■ Problem
Transcribe the records in full; omit images.

■ Given data
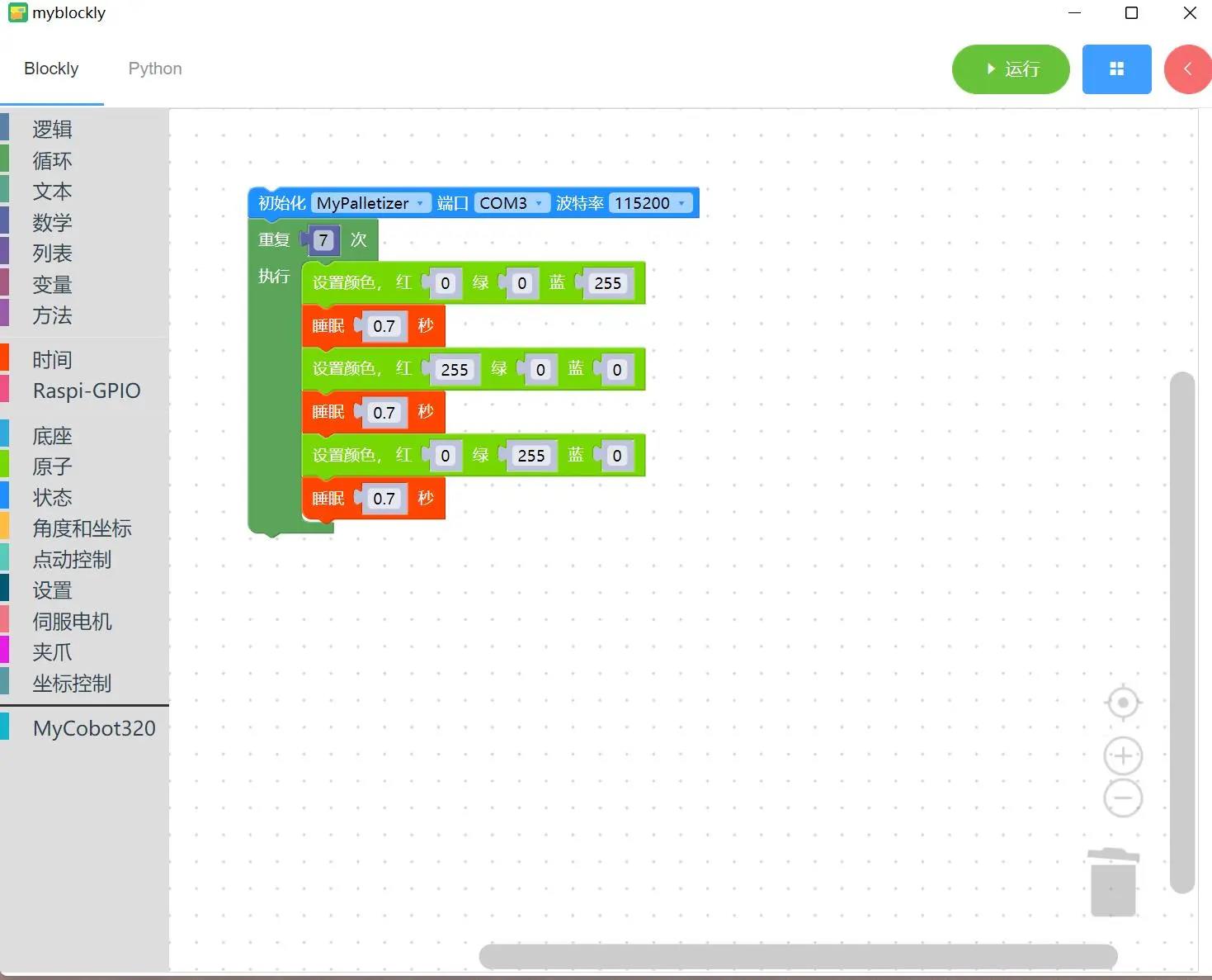 控制机械臂RGB灯板颜色由“蓝-红-绿”顺序变化,整个过程循环七次。
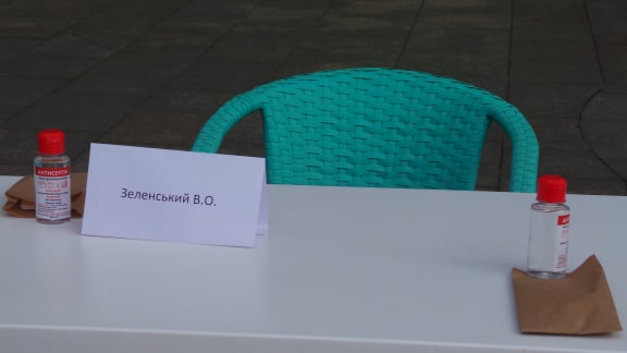 За столики могли сесть все желающие, им бесплатно раздавали котлеты с гречкой, было и именное место главы государства Владимира Зеленского.
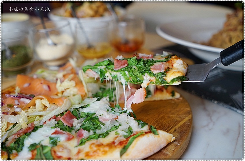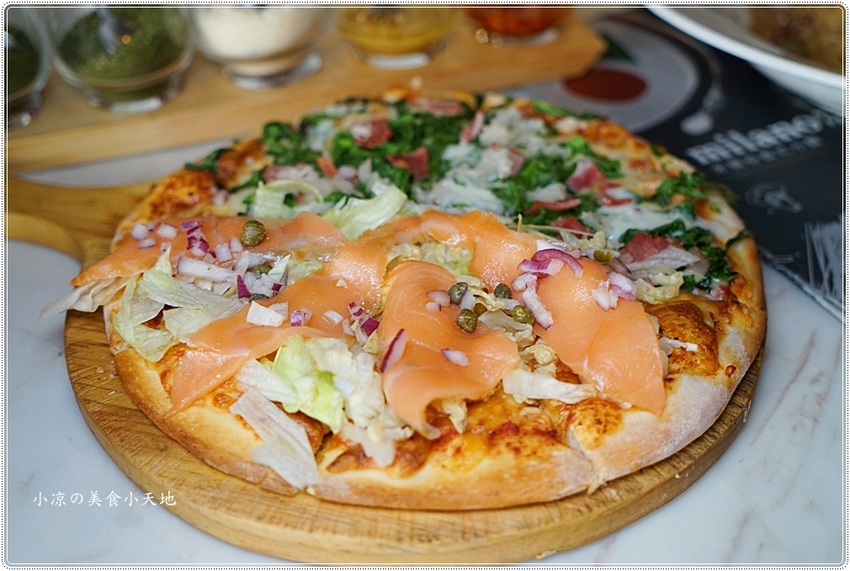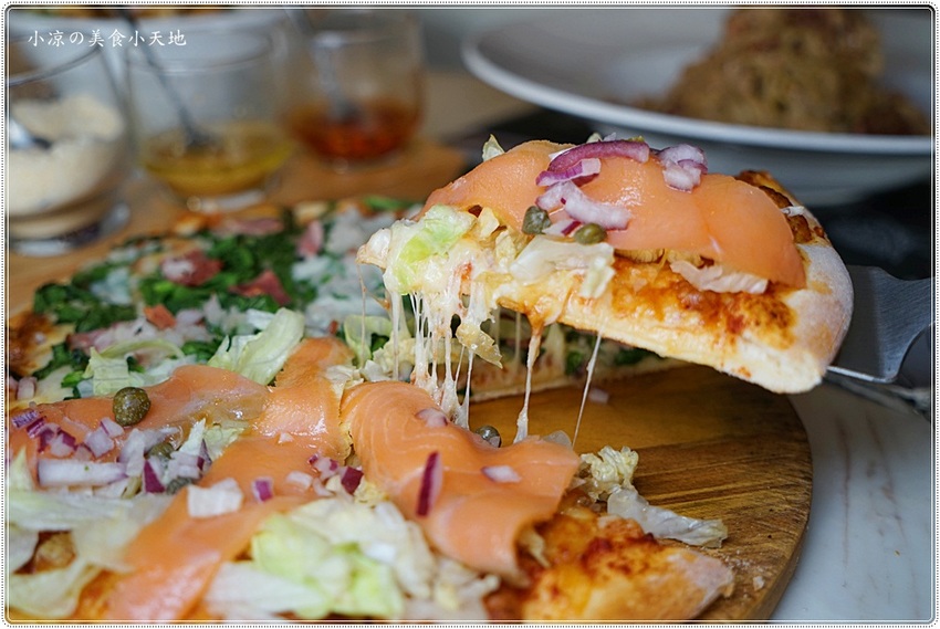 披薩可以單一口味或是雙拼(7選2),小凉選了香蒜培根菠菜起司披薩(季節款)、煙燻鮭魚起司披薩
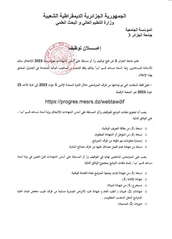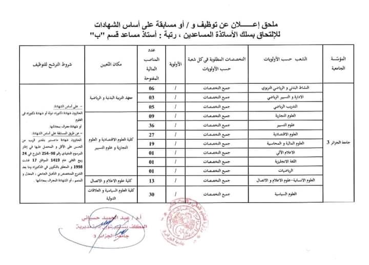 تعلن جامعة الجزائر 3 إبراهيم سلطان شيبوت عن التوظيف بناءً على الشهادة للالتحاق بسلك الأساتذة المساعدين بالرتبة:
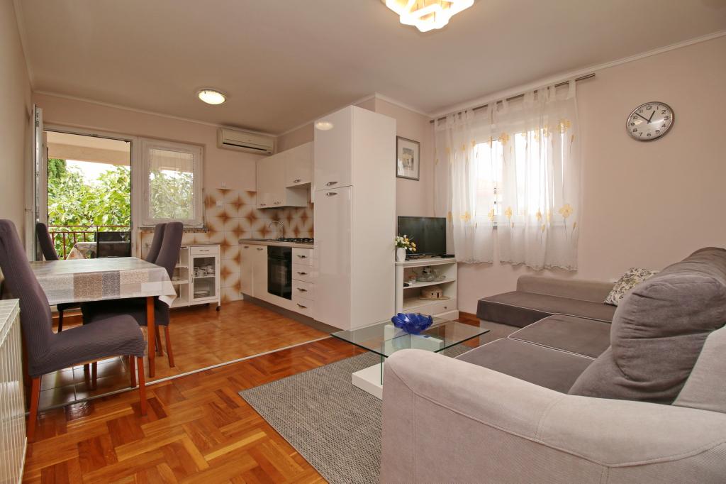 Bardzo ładny apartament z widokiem na zabytkowe centrum (apartament na poddaszu). Apartament jest czysty, duży taras, wystarczające wyposażenie. Właścicielka jest miła i sympatyczna, ciągle pytała, czy wszystko w porządku. Jedyne, do czego mogłabym się przyczepić, to to, że w apartamencie dla 5 osób były tylko 3 kieliszki do wina i 3 do shotów. Poza tym byliśmy bardzo zadowoleni. Do morza jest około 1000 m spacerem (10 minut). Do centrum 15 minut.

■ Answer to the exercise
 控制机械臂RGB灯板颜色由“蓝-红-绿”顺序变化,整个过程循环七次。
 За столики могли сесть все желающие, им бесплатно раздавали котлеты с гречкой, было и именное место главы государства Владимира Зеленского.
 披薩可以單一口味或是雙拼(7選2),小凉選了香蒜培根菠菜起司披薩(季節款)、煙燻鮭魚起司披薩
 تعلن جامعة الجزائر 3 إبراهيم سلطان شيبوت عن التوظيف بناءً على الشهادة للالتحاق بسلك الأساتذة المساعدين بالرتبة:
 Bardzo ładny apartament z widokiem na zabytkowe centrum (apartament na poddaszu). Apartament jest czysty, duży taras, wystarczające wyposażenie. Właścicielka jest miła i sympatyczna, ciągle pytała, czy wszystko w porządku. Jedyne, do czego mogłabym się przyczepić, to to, że w apartamencie dla 5 osób były tylko 3 kieliszki do wina i 3 do shotów. Poza tym byliśmy bardzo zadowoleni. Do morza jest około 1000 m spacerem (10 minut). Do centrum 15 minut.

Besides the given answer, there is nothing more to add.